[[ INFORMATION SHOWN, beginning ]]

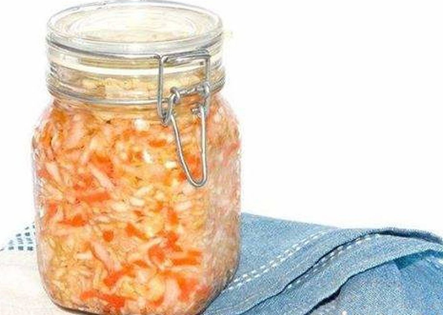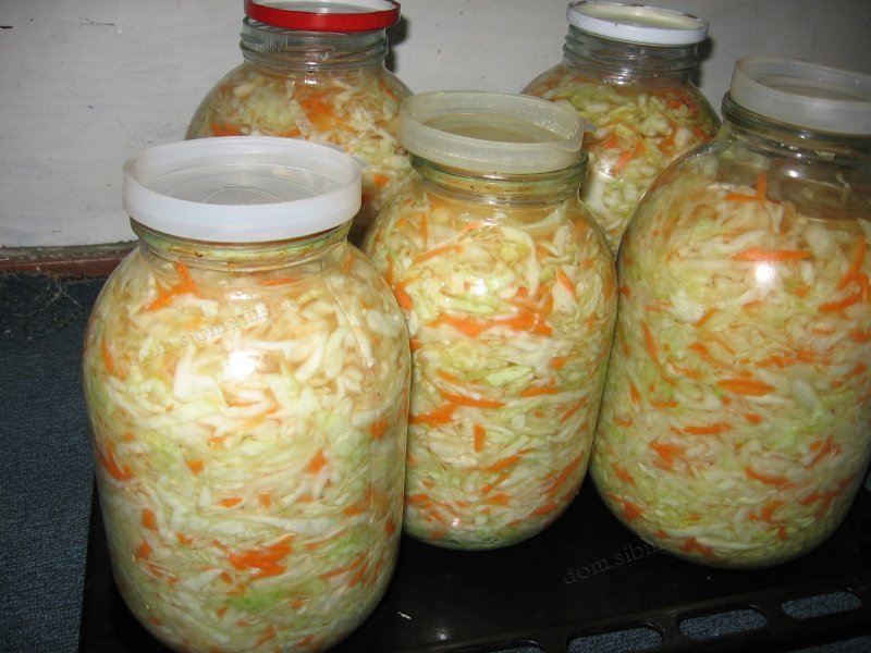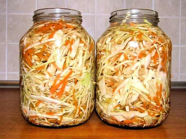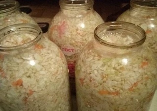 Ингредиенты перемешиваются, смесь утрамбовывают в стеклянные емкости. Процесс брожения происходит 1-3 суток при комнатной температуре, готовое угощение отправляют храниться на полку холодильника.
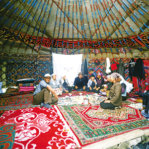氈房外觀通常樸實(shí)無(wú)華,門框由松木做成,上面雕刻花紋或繪制圖案,一塊鮮艷奪目的掛毯吊在門上。房?jī)?nèi)富麗堂皇,布置合理,前半部分堆放日用物品,后半部分待客、住人。
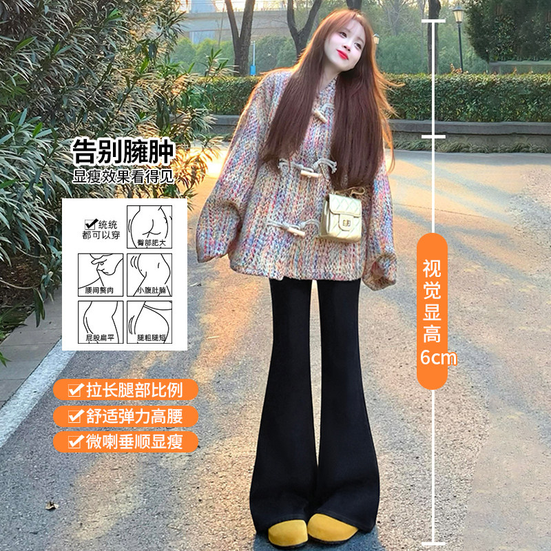 特厚微喇鲨鱼裤女高个子加长打底棉裤外穿秋冬加绒加厚瑜伽喇叭裤

[[ INFORMATION SHOWN, end ]]

Line by line, reproduce exactly the lines from the one containing "氈房外觀通常樸實(shí)無" through the final line of the material, both included, leaving every picture out.

氈房外觀通常樸實(shí)無(wú)華,門框由松木做成,上面雕刻花紋或繪制圖案,一塊鮮艷奪目的掛毯吊在門上。房?jī)?nèi)富麗堂皇,布置合理,前半部分堆放日用物品,后半部分待客、住人。
 特厚微喇鲨鱼裤女高个子加长打底棉裤外穿秋冬加绒加厚瑜伽喇叭裤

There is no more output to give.